Records excerpted from a collection:
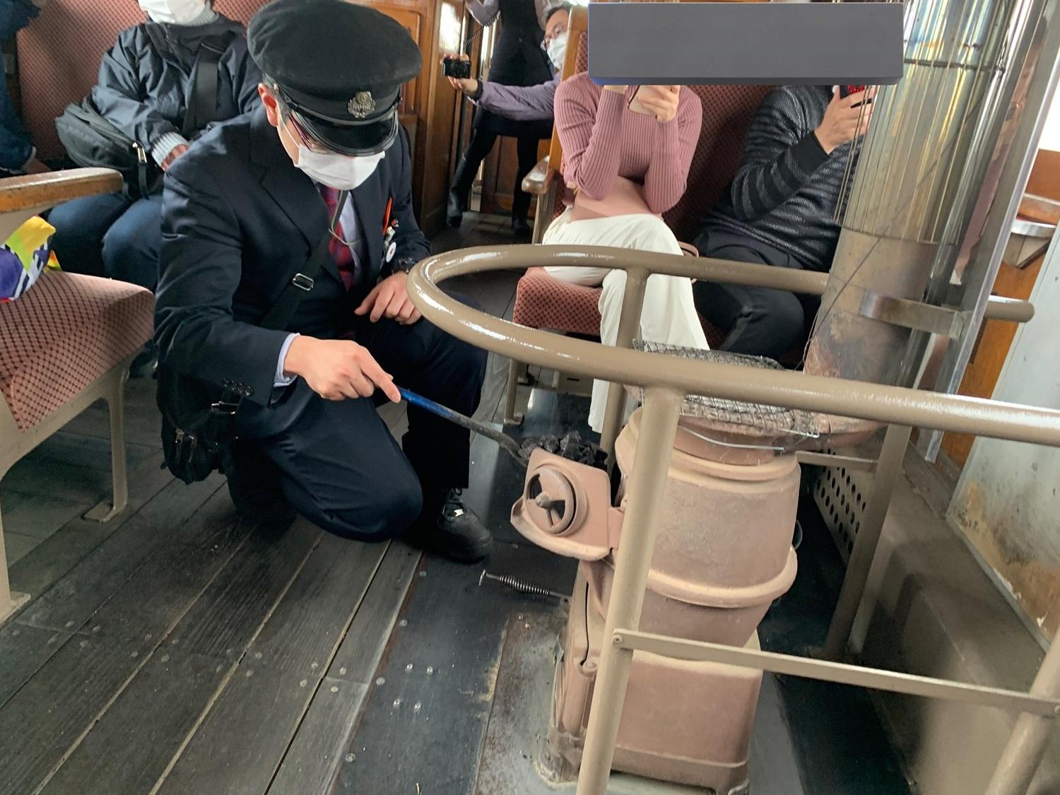 暖爐列車是津輕鐵路的觀光列車,車上設有炭爐,供乘客取暖以及烤魷魚。列車以4卡的編組,前2卡是普通的柴油列車車廂,後2卡是暖爐車卡。
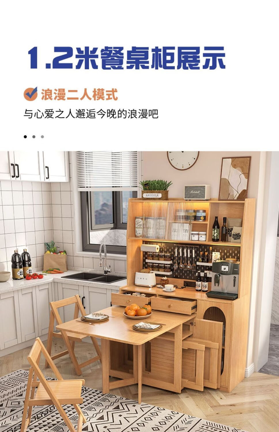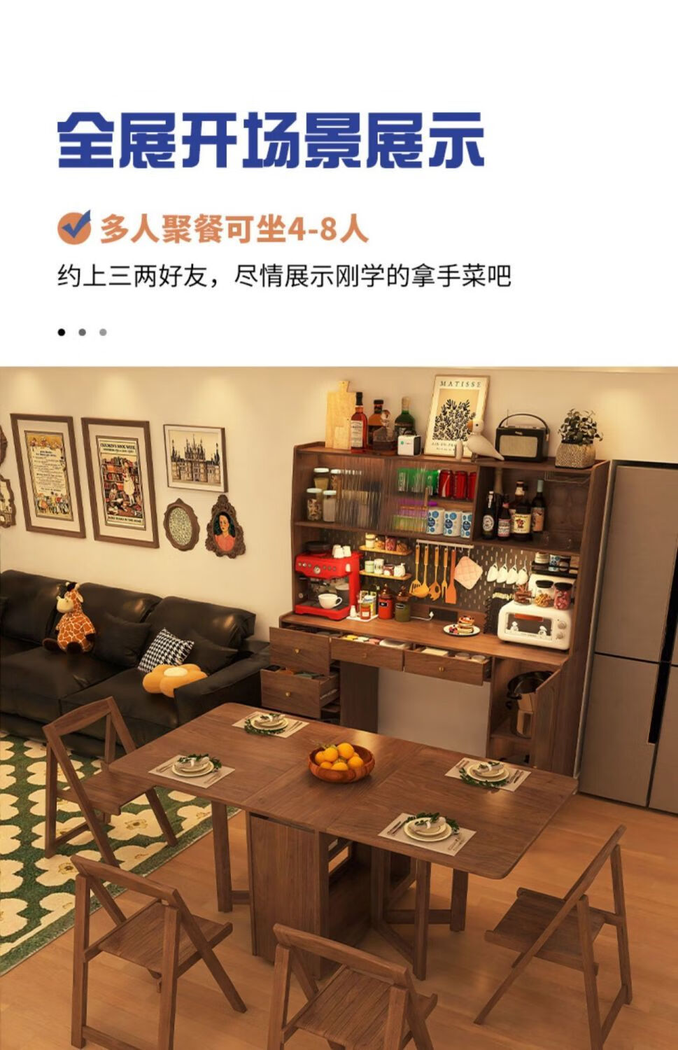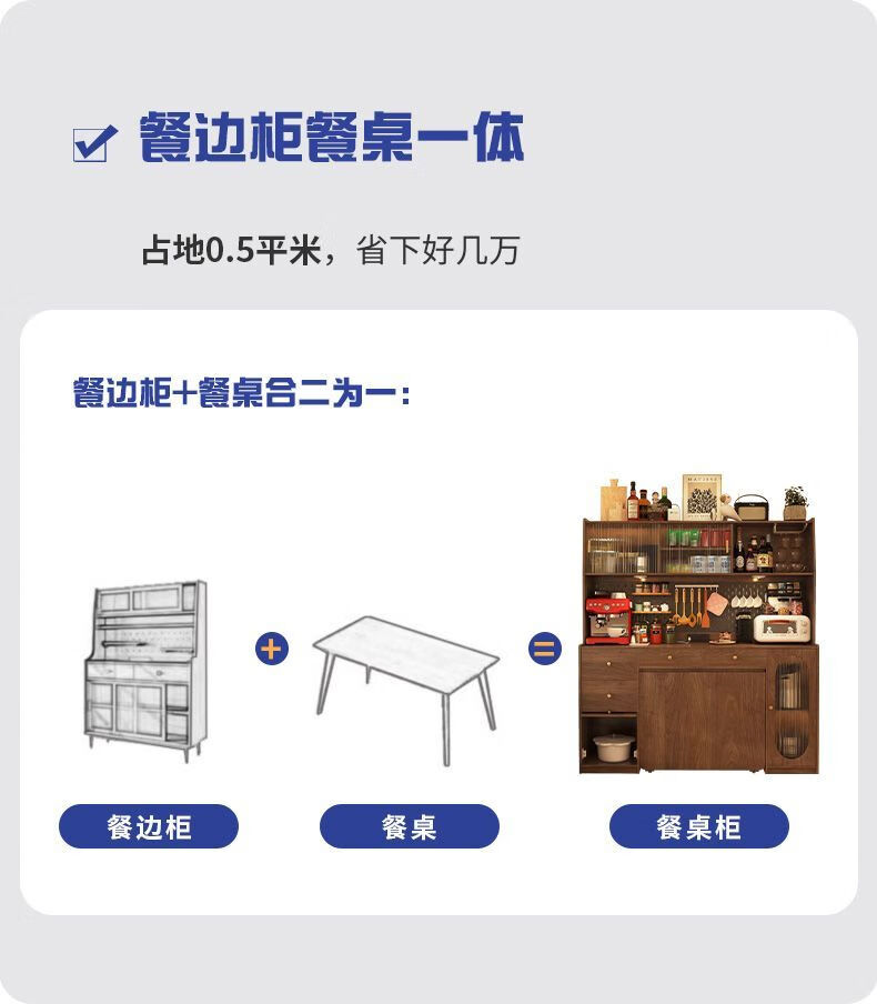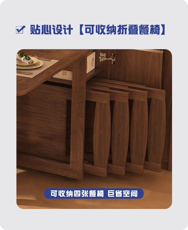 Qinkai all solid wood sideboard folding dining table integrated retractable folding mobile small apartment home table multi-function main picture
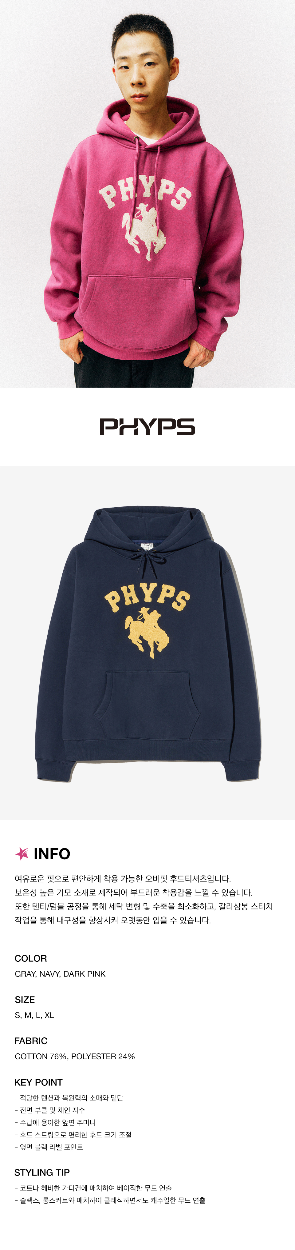 피지컬 디파트먼트 홀스 라이딩 베어 후드 네이비
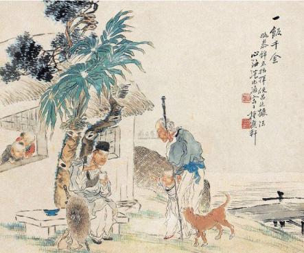 韩信在城下垂钓,有很多老婆婆在河边漂洗衣物,其中有一位老婆婆看见韩信忍饥挨饿,便把饭给韩信吃,直到数十天后漂洗完毕。韩信很高兴,对漂洗衣物的老婆婆说:“我一定会有重重答谢您的机会。”漂洗衣物的老婆婆生气地说:“身为大丈夫不能自己养活自己,我可怜你因而送给你吃的,难道期望你报答吗?”大汉五年正月,(汉高祖刘邦)改封齐王韩信为楚王,建都于下邳,韩信到了封地,召见曾分给他饭吃老婆婆,赏给她千金。
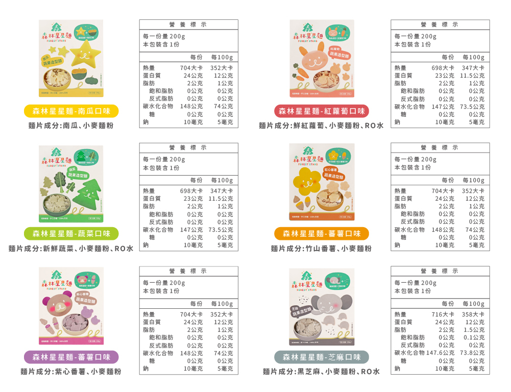 寶寶每日所需的鈉含量必須低於200毫克,而星星麵的鈉含量來自食材本身約只有2毫克且完全無鹽呦!
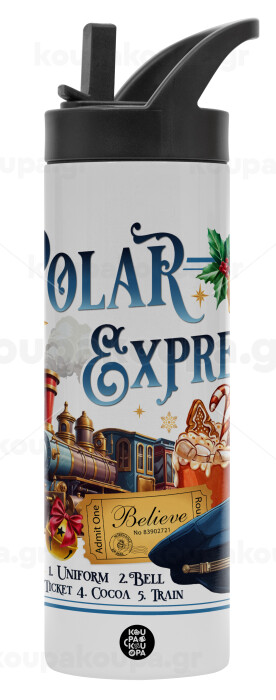 The Polar Express, Metallic thermos bottle with straw & handle, stainless steel (Stainless steel 304), double-walled, 600ml.
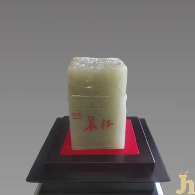 纪念中国工农红军长征胜利八十周年,铭记中华民族伟大复兴的光辉历程,玉玺采用上等白玉、纯手工雕刻完成。毛主席曾说过“长征精神永留存”,值此纪念长征80周年之际,以一方可以永世留存的《中华魂-长征国玺》来铭记这一精神,让后人得以瞻仰,其厚重的历史价值、文化价值、收藏价值无可估量。
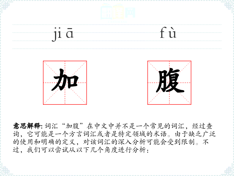 如果“加腹”是一个方言词汇,它可能在特定的地区被使用,用于描述某种特定的动作或状态。如果是专业术语,它可能在相关领域的文献或对话中出现。
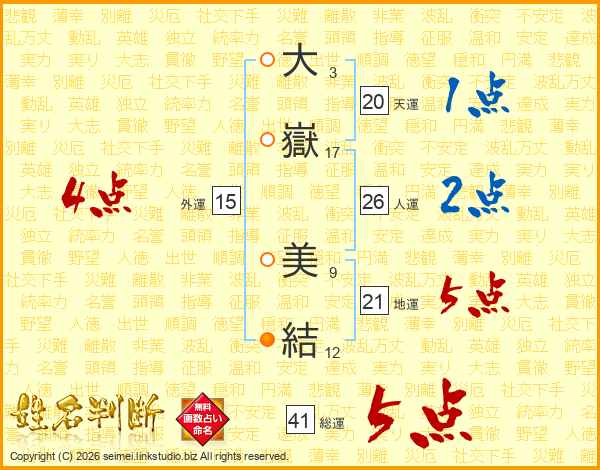 生活面を象徴する運勢です。外部から受ける影響力を表し、結婚運、家庭運や職場、環境への順応性を表します。総運から人運を引いた画数。姓や名が1文字の場合を除く。
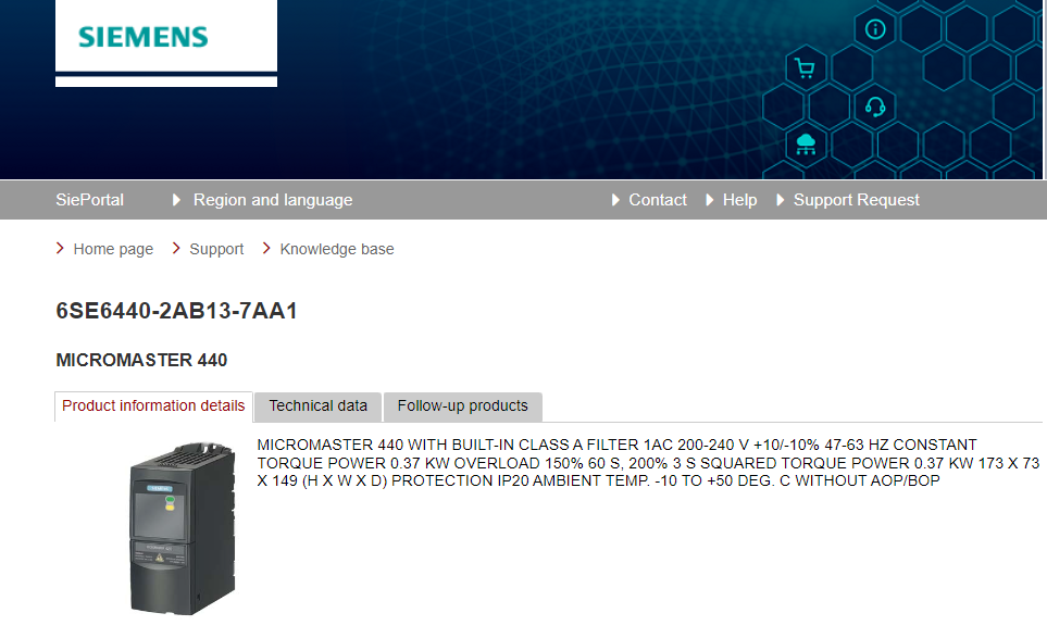 MICROMASTER 440 WITH BUILT-IN CLASS A FILTER 1AC 200-240 V +10/-10% 47-63 HZ CONSTANT TORQUE POWER 0.37 KW OVERLOAD 150% 60 S, 200% 3 S SQUARED TORQUE POWER 0.37 KW 173 X 73 X 149 (H X W X D) PROTECTION IP20 AMBIENT TEMP. -10 TO +50 DEG. C WITHOUT AOP/BOP
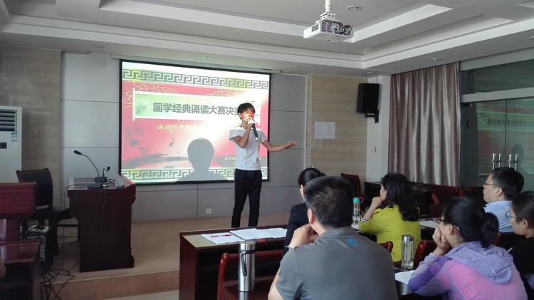 “君不见黄河之水天上来,奔流到海不复回……”、“关关雎鸠,在河之洲……”一首首经典诗词,随着悠扬的古琴旋律,在同学们抑扬顿挫的诵读声中展示了国学经典的文化魅力……5月24日,由我校教务科主办、学生科大力协助的“诵读中华经典,营造书香校园”2016首届国学经典诵读大赛在图书信息楼三楼报告厅进行决赛。经过层层选拔,共有15名选手参加决赛,教务党支部书记尹亚波,语德教研室教师李耀进、秦凤美、惠红丽、李晶晶、马聪聪、孙白玉、焦琳担任本次比赛评委。
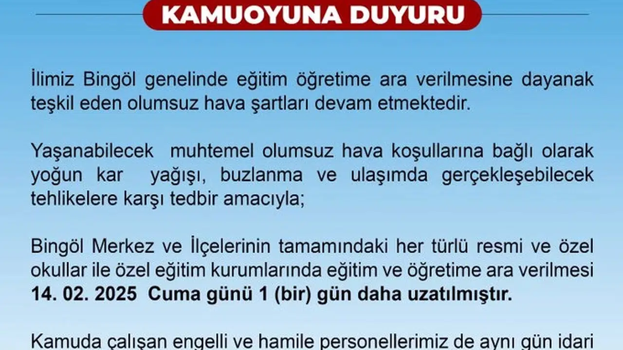 Bingöl Valiliği, kentte etkili olan kar yağışı nedeniyle eğitime 14 Şubat Perşembe günü 1 gün süreyle ara verildiğini duyurdu. Açıklamada, kamuda çalışan engelli ve hamile çalışanların da idari izinli sayılacakları belirtilerek, “İlimiz Bingöl genelinde eğitim öğretime ara verilmesine dayanak teşkil eden olumsuz hava şartları devam etmektedir. Yaşanabilecek muhtemel olumsuz hava koşullarına bağlı olarak yoğun kar yağışı, buzlanma ve ulaşımda gerçekleşebilecek tehlikelere karşı tedbir amacıyla, Bingöl merkez ve ilçelerinin tamamındaki her türlü resmi ve özel okullar ile özel eğitim kurumlarında eğitim ve öğretime ara verilmesi 14 Şubat 2025 Cuma günü 1 gün daha uzatılmıştır. Kamuda çalışan engelli ve hamile personellerimiz de aynı gün idari izinli sayılacaklardır” denildi. (DHA)
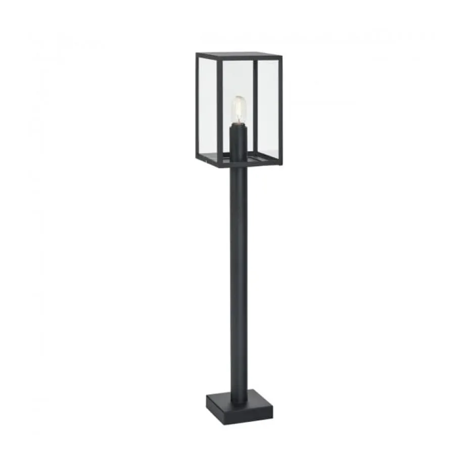 Zeitloser Retro-Leuchtpoller aus schwarz lackiertem Stahl. Sauberes Glas. Enthalten in einer Serie mit Teleskopstange, Decken-/Kettenlampen und Wandleuchte. Lichtquelle nicht enthalten.

ASSIGNMENT:
Your copy should match the entries above exactly and contain no pictures.

FINISHED TASK:
 暖爐列車是津輕鐵路的觀光列車,車上設有炭爐,供乘客取暖以及烤魷魚。列車以4卡的編組,前2卡是普通的柴油列車車廂,後2卡是暖爐車卡。
 Qinkai all solid wood sideboard folding dining table integrated retractable folding mobile small apartment home table multi-function main picture
 피지컬 디파트먼트 홀스 라이딩 베어 후드 네이비
 韩信在城下垂钓,有很多老婆婆在河边漂洗衣物,其中有一位老婆婆看见韩信忍饥挨饿,便把饭给韩信吃,直到数十天后漂洗完毕。韩信很高兴,对漂洗衣物的老婆婆说:“我一定会有重重答谢您的机会。”漂洗衣物的老婆婆生气地说:“身为大丈夫不能自己养活自己,我可怜你因而送给你吃的,难道期望你报答吗?”大汉五年正月,(汉高祖刘邦)改封齐王韩信为楚王,建都于下邳,韩信到了封地,召见曾分给他饭吃老婆婆,赏给她千金。
 寶寶每日所需的鈉含量必須低於200毫克,而星星麵的鈉含量來自食材本身約只有2毫克且完全無鹽呦!
 The Polar Express, Metallic thermos bottle with straw & handle, stainless steel (Stainless steel 304), double-walled, 600ml.
 纪念中国工农红军长征胜利八十周年,铭记中华民族伟大复兴的光辉历程,玉玺采用上等白玉、纯手工雕刻完成。毛主席曾说过“长征精神永留存”,值此纪念长征80周年之际,以一方可以永世留存的《中华魂-长征国玺》来铭记这一精神,让后人得以瞻仰,其厚重的历史价值、文化价值、收藏价值无可估量。
 如果“加腹”是一个方言词汇,它可能在特定的地区被使用,用于描述某种特定的动作或状态。如果是专业术语,它可能在相关领域的文献或对话中出现。
 生活面を象徴する運勢です。外部から受ける影響力を表し、結婚運、家庭運や職場、環境への順応性を表します。総運から人運を引いた画数。姓や名が1文字の場合を除く。
 MICROMASTER 440 WITH BUILT-IN CLASS A FILTER 1AC 200-240 V +10/-10% 47-63 HZ CONSTANT TORQUE POWER 0.37 KW OVERLOAD 150% 60 S, 200% 3 S SQUARED TORQUE POWER 0.37 KW 173 X 73 X 149 (H X W X D) PROTECTION IP20 AMBIENT TEMP. -10 TO +50 DEG. C WITHOUT AOP/BOP
 “君不见黄河之水天上来,奔流到海不复回……”、“关关雎鸠,在河之洲……”一首首经典诗词,随着悠扬的古琴旋律,在同学们抑扬顿挫的诵读声中展示了国学经典的文化魅力……5月24日,由我校教务科主办、学生科大力协助的“诵读中华经典,营造书香校园”2016首届国学经典诵读大赛在图书信息楼三楼报告厅进行决赛。经过层层选拔,共有15名选手参加决赛,教务党支部书记尹亚波,语德教研室教师李耀进、秦凤美、惠红丽、李晶晶、马聪聪、孙白玉、焦琳担任本次比赛评委。
 Bingöl Valiliği, kentte etkili olan kar yağışı nedeniyle eğitime 14 Şubat Perşembe günü 1 gün süreyle ara verildiğini duyurdu. Açıklamada, kamuda çalışan engelli ve hamile çalışanların da idari izinli sayılacakları belirtilerek, “İlimiz Bingöl genelinde eğitim öğretime ara verilmesine dayanak teşkil eden olumsuz hava şartları devam etmektedir. Yaşanabilecek muhtemel olumsuz hava koşullarına bağlı olarak yoğun kar yağışı, buzlanma ve ulaşımda gerçekleşebilecek tehlikelere karşı tedbir amacıyla, Bingöl merkez ve ilçelerinin tamamındaki her türlü resmi ve özel okullar ile özel eğitim kurumlarında eğitim ve öğretime ara verilmesi 14 Şubat 2025 Cuma günü 1 gün daha uzatılmıştır. Kamuda çalışan engelli ve hamile personellerimiz de aynı gün idari izinli sayılacaklardır” denildi. (DHA)
 Zeitloser Retro-Leuchtpoller aus schwarz lackiertem Stahl. Sauberes Glas. Enthalten in einer Serie mit Teleskopstange, Decken-/Kettenlampen und Wandleuchte. Lichtquelle nicht enthalten.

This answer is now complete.